Set the data below down again, exactly, with every picture left out.

===== Exercise input

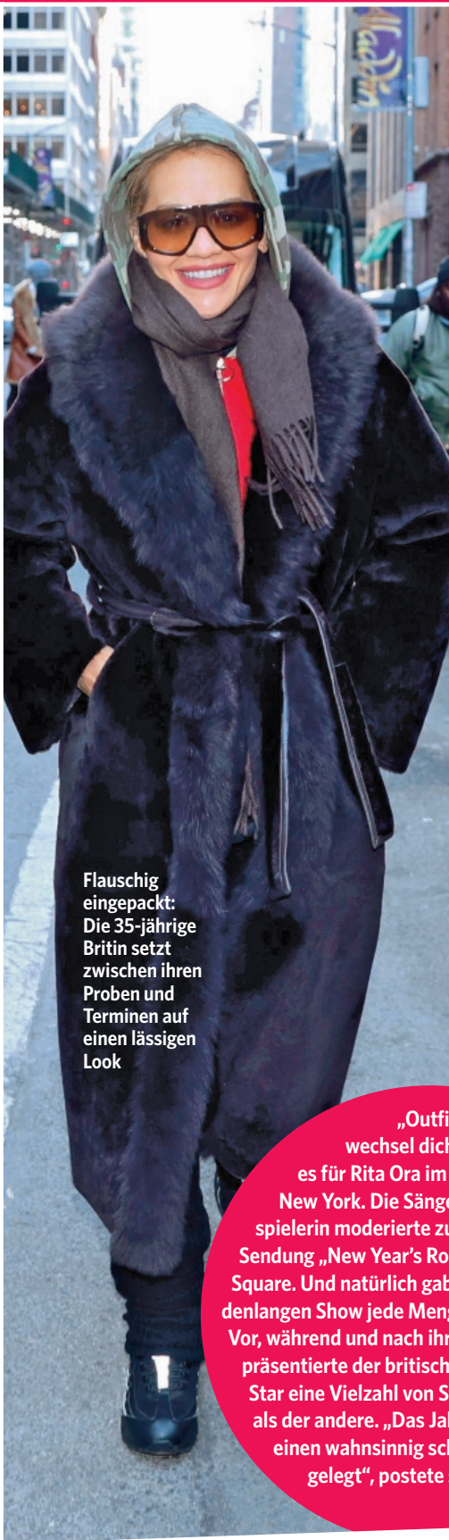
RITA ORA (35)

Flauschig eingepackt: Die 35-jährige Britin setzt zwischen ihren Proben und Terminen auf einen lässigen Look
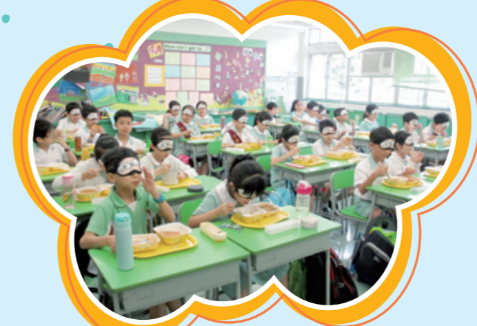
進行蒙眼午餐時，各同學均認真地體驗視障人士吃飯時的感受。
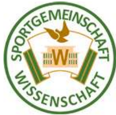
Logo von 1950 bis Mitte 60er

A ls im Herbst 1950 innerhalb der Hochschul-Sportgemeinschaft Wissenschaft der Universität Rostock auch eine Sektion HSG-Fußball ins Leben gerufen wurde, war nicht unbedingt abzusehen, dass sich daraus ein Fußballverein mit einer langen Tradition entwickeln würde. Heute aber gehört unser UFC Arminia Rostock zu den ältesten, sich noch im Spielbetrieb befindlichen Fußballvereinen in Rostock.
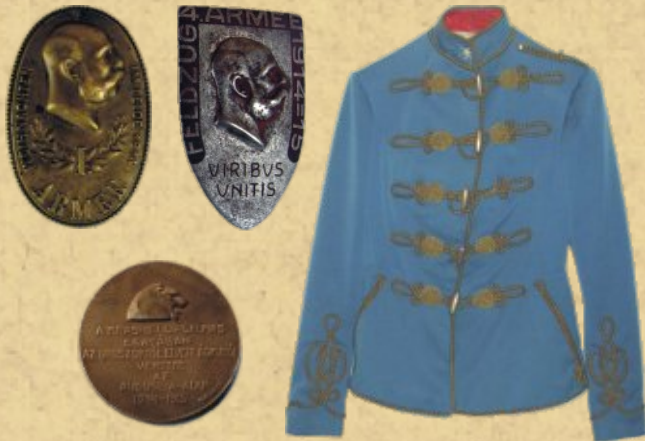
Odnaki pamiątkowe 1. i 4. armii austro-węgierskiej, węgierski medal wybity z okazji walk pod Kraśnikiem oraz kurtka huzara austriackiego
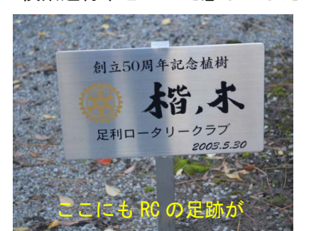
ここにも RC の足跡が
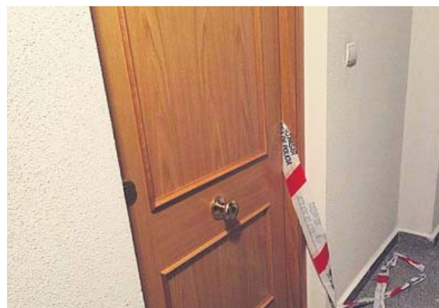
Domicilio en el que se hallaron los cadáveres.

dió esperar a lo que señalen los técnicos sobre las causas del hundimiento, aunque cree que en principio podría haberse debido al «peso» de la tierra, que se incrementó por el agua caída en los últimos meses. Además, reconoció que los vecinos habían denunciado a la empresa constructora de los pisos por filtraciones de agua en el aparcamiento, pero ha señalado que «en ningún peritaje» se apuntó que hubiera «riesgo estructural». ●
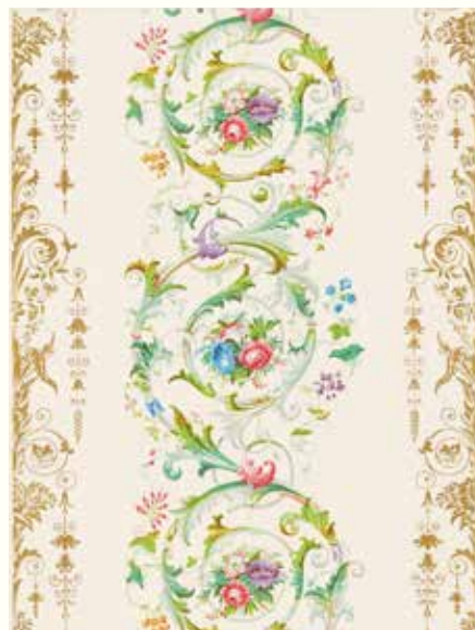
《花とロココ調スクロール》1850年頃 © Sanderson
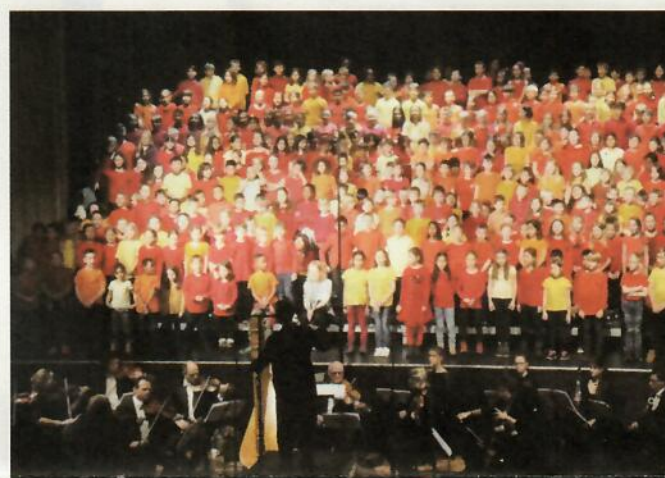
Der Schülerchor mit Orchester im National in Bern.

Weitere Impressionen: www.schule-muri.ch oder www.singmituns.ch
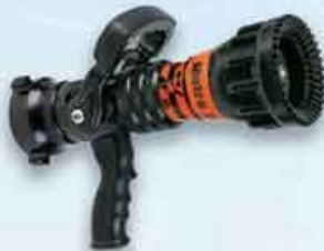
ME2-2VPGI : Nozzle Metro 2, dengan Sliding Valve & Pistol Grip
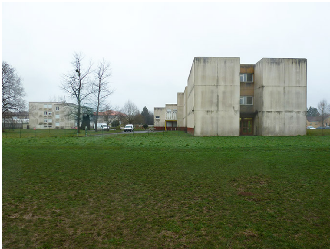
Façade nord de l'internat.
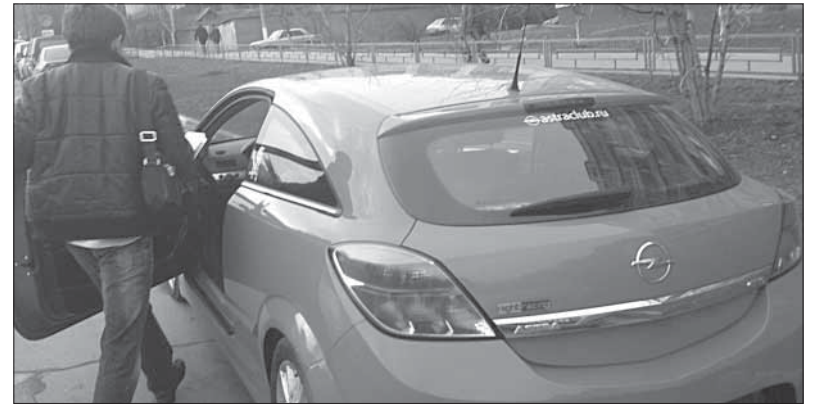
Машиндиъ, автобусдиъ, ясана жара транспортдиъ, эьруган, арччул ликриинди учIвуб ужу ву. Вари ужудар ляхнар Пайгьамбари ☞ арччул терефнаан ккергьри гьахьну.

Ярхи рякьюз гьягьюз ккайири гьаму дюаъра урхуб ужу ву: « Аллагьумма инни асьалука фи сафари гьаза аль-бирра ва-ттакьва ва миналь-аьмали ма тарза. Аллагьумма гьавин аьлайна сафарана ватIви ланаль-бутгьда. Аллагьумма анта ссагьибу фи сафари валь халифату филь агьли,
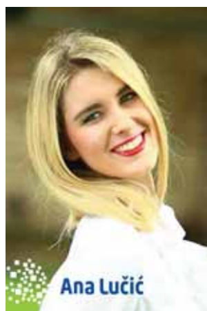
1. godina, Očna optika

Moja prijateljica studira na Veleučilištu pa sam se i sama na VVG došla raspitati o studiju očne optike. Kao prednost studiranja stručnog smjera istaknula bih kvalifikacije određenog područja discipline kojom ću se u budućnosti baviti i koje me zanima. Od Veleučilišta očekujem susretljivost i pomoć u prvim danima studija, a u novoj akademskoj godini očekujem nova poznanstva. Spremna sam prihvatiti sve izazove koji će se pojaviti na prvoj godini stručnog studija.
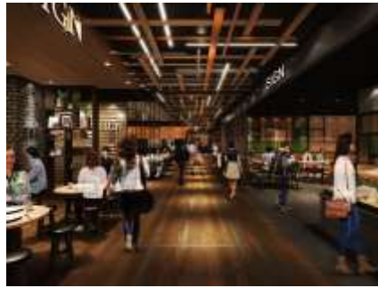
地下1階 飲食フロア イメージ

ちょい飲みからディナーまで、多様な夜の楽しみ方を提供する飲食店舗を中心に、モーニング、ランチ、テイクアウト、二次会等のワーカークラスにも対応可能な、地下の賑わいの中心となる飲食ゾーンが広がります。
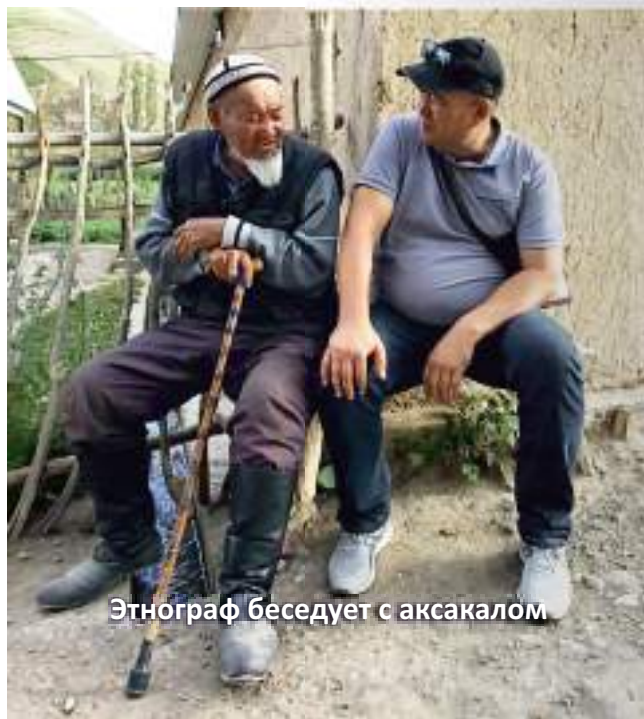
Этнограф беседует с аксакалом
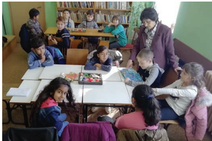
Трети „Б“ клас, всеки момент ще започнат да творят...

Коледното четене продължи и наврх Никулден, 6-ти де-
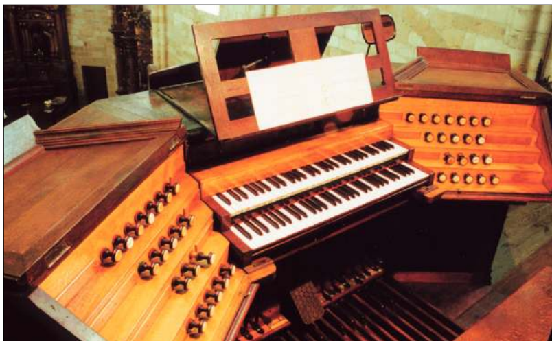
Fig. 6. Aspecto que presentaba la consola del órgano de Usurbil hasta septiembre de 2006. En la misma puede apreciarse la pieza de madera que cubre el lugar donde se ubicaba el tercer teclado manual con el que se gobernaba el Recitativo . A ambos costados de los teclados manuales, puede apreciarse asimismo la distribución escalonada de los tiradores de los registros que se mantuvieron desde que el órgano fue montado en 1920 por Fernand Prince. Tanto en los frentes de los escalonamientos del lado derecho como del izquierdo existen unas chapas de madera que tapan los agujeros donde se alojaban los 23 tiradores que fueron anulados. Al destornillar dichas chapas se puede comprobar fácilmente que la consola dispuso originalmente de 64 tiradores, dos de los cuales estaban destinados respectivamente al control de los trémolos del Positivo y del Recitativo . Si contabilizamos los registros citados en la Enciclopedia Lavignac junto con los del contrato de compraventa, sólo llegamos a un total de 45, faltando todavía otros 17 para llegar a los 62 que existieron en origen.

1907. –BIDART, baron de l’Espée: 62 jeux, sur 3 claviers et pédale. - Construit par Ch. Mutin-. En dehors des registres de l’orgue cet instrument possède 3 célestas, 1 clavecin et 1 piano, qui peuvent être joués sur le premier clavier, avec annulation rapide des registres tirés, pour le cas où l’on voudrait se servir de ces jeux en solo. Un petit clavier de 26 touches, placé au-dessous du premier, commande 26 instruments accessoires, tels que: timbales, cymbales, grosse caisse, triangle, gong, castagnettes, etc. pourvus du mécanisme nécessaire pour les actionner aux cadences voulues. Cet orgue possède, en outre des pédales de combinaison ordinaires, 5 combinaisons ajustables sur tous les jeux. On a fait usage pour la première fois, dans cet instrument, de jeux absolument nouveaux comme timbre, tels: cor harmonique, cor anglais et musette, viole et jeux mordants, à plusieurs harmoniques, pour imiter le quatuor 23 .
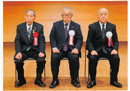
地域自治活動功労者に対する感謝状贈呈
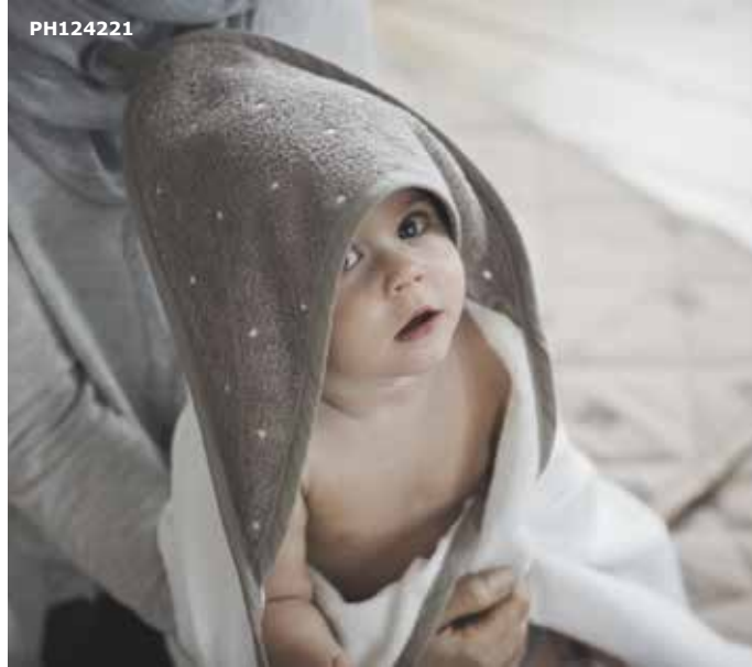
ÄFJÄRDEN πετσέτα μπάνιου 12,99€ 201.906.26
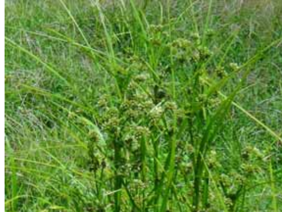
マツカサススキ 小穂が球形に集まる。東京都の保護対象種。
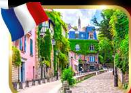
Rue de l'Abreuvoir มงมาร์ต
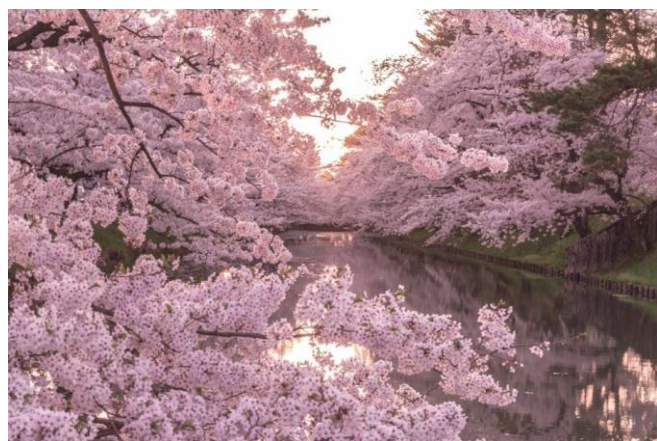
Hinohina River in Kakunodate / Akita:
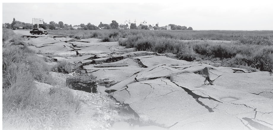
У наших соседей

==========

## Output
RITA ORA (35)

Flauschig eingepackt: Die 35-jährige Britin setzt zwischen ihren Proben und Terminen auf einen lässigen Look
進行蒙眼午餐時，各同學均認真地體驗視障人士吃飯時的感受。
Logo von 1950 bis Mitte 60er

A ls im Herbst 1950 innerhalb der Hochschul-Sportgemeinschaft Wissenschaft der Universität Rostock auch eine Sektion HSG-Fußball ins Leben gerufen wurde, war nicht unbedingt abzusehen, dass sich daraus ein Fußballverein mit einer langen Tradition entwickeln würde. Heute aber gehört unser UFC Arminia Rostock zu den ältesten, sich noch im Spielbetrieb befindlichen Fußballvereinen in Rostock.
Odnaki pamiątkowe 1. i 4. armii austro-węgierskiej, węgierski medal wybity z okazji walk pod Kraśnikiem oraz kurtka huzara austriackiego
ここにも RC の足跡が
Domicilio en el que se hallaron los cadáveres.

dió esperar a lo que señalen los técnicos sobre las causas del hundimiento, aunque cree que en principio podría haberse debido al «peso» de la tierra, que se incrementó por el agua caída en los últimos meses. Además, reconoció que los vecinos habían denunciado a la empresa constructora de los pisos por filtraciones de agua en el aparcamiento, pero ha señalado que «en ningún peritaje» se apuntó que hubiera «riesgo estructural». ●
《花とロココ調スクロール》1850年頃 © Sanderson
Der Schülerchor mit Orchester im National in Bern.

Weitere Impressionen: www.schule-muri.ch oder www.singmituns.ch
ME2-2VPGI : Nozzle Metro 2, dengan Sliding Valve & Pistol Grip
Façade nord de l'internat.
Машиндиъ, автобусдиъ, ясана жара транспортдиъ, эьруган, арччул ликриинди учIвуб ужу ву. Вари ужудар ляхнар Пайгьамбари ☞ арччул терефнаан ккергьри гьахьну.

Ярхи рякьюз гьягьюз ккайири гьаму дюаъра урхуб ужу ву: « Аллагьумма инни асьалука фи сафари гьаза аль-бирра ва-ттакьва ва миналь-аьмали ма тарза. Аллагьумма гьавин аьлайна сафарана ватIви ланаль-бутгьда. Аллагьумма анта ссагьибу фи сафари валь халифату филь агьли,
1. godina, Očna optika

Moja prijateljica studira na Veleučilištu pa sam se i sama na VVG došla raspitati o studiju očne optike. Kao prednost studiranja stručnog smjera istaknula bih kvalifikacije određenog područja discipline kojom ću se u budućnosti baviti i koje me zanima. Od Veleučilišta očekujem susretljivost i pomoć u prvim danima studija, a u novoj akademskoj godini očekujem nova poznanstva. Spremna sam prihvatiti sve izazove koji će se pojaviti na prvoj godini stručnog studija.
地下1階 飲食フロア イメージ

ちょい飲みからディナーまで、多様な夜の楽しみ方を提供する飲食店舗を中心に、モーニング、ランチ、テイクアウト、二次会等のワーカークラスにも対応可能な、地下の賑わいの中心となる飲食ゾーンが広がります。
Этнограф беседует с аксакалом
Трети „Б“ клас, всеки момент ще започнат да творят...

Коледното четене продължи и наврх Никулден, 6-ти де-
Fig. 6. Aspecto que presentaba la consola del órgano de Usurbil hasta septiembre de 2006. En la misma puede apreciarse la pieza de madera que cubre el lugar donde se ubicaba el tercer teclado manual con el que se gobernaba el Recitativo . A ambos costados de los teclados manuales, puede apreciarse asimismo la distribución escalonada de los tiradores de los registros que se mantuvieron desde que el órgano fue montado en 1920 por Fernand Prince. Tanto en los frentes de los escalonamientos del lado derecho como del izquierdo existen unas chapas de madera que tapan los agujeros donde se alojaban los 23 tiradores que fueron anulados. Al destornillar dichas chapas se puede comprobar fácilmente que la consola dispuso originalmente de 64 tiradores, dos de los cuales estaban destinados respectivamente al control de los trémolos del Positivo y del Recitativo . Si contabilizamos los registros citados en la Enciclopedia Lavignac junto con los del contrato de compraventa, sólo llegamos a un total de 45, faltando todavía otros 17 para llegar a los 62 que existieron en origen.

1907. –BIDART, baron de l’Espée: 62 jeux, sur 3 claviers et pédale. - Construit par Ch. Mutin-. En dehors des registres de l’orgue cet instrument possède 3 célestas, 1 clavecin et 1 piano, qui peuvent être joués sur le premier clavier, avec annulation rapide des registres tirés, pour le cas où l’on voudrait se servir de ces jeux en solo. Un petit clavier de 26 touches, placé au-dessous du premier, commande 26 instruments accessoires, tels que: timbales, cymbales, grosse caisse, triangle, gong, castagnettes, etc. pourvus du mécanisme nécessaire pour les actionner aux cadences voulues. Cet orgue possède, en outre des pédales de combinaison ordinaires, 5 combinaisons ajustables sur tous les jeux. On a fait usage pour la première fois, dans cet instrument, de jeux absolument nouveaux comme timbre, tels: cor harmonique, cor anglais et musette, viole et jeux mordants, à plusieurs harmoniques, pour imiter le quatuor 23 .
地域自治活動功労者に対する感謝状贈呈
ÄFJÄRDEN πετσέτα μπάνιου 12,99€ 201.906.26
マツカサススキ 小穂が球形に集まる。東京都の保護対象種。
Rue de l'Abreuvoir มงมาร์ต
Hinohina River in Kakunodate / Akita:
У наших соседей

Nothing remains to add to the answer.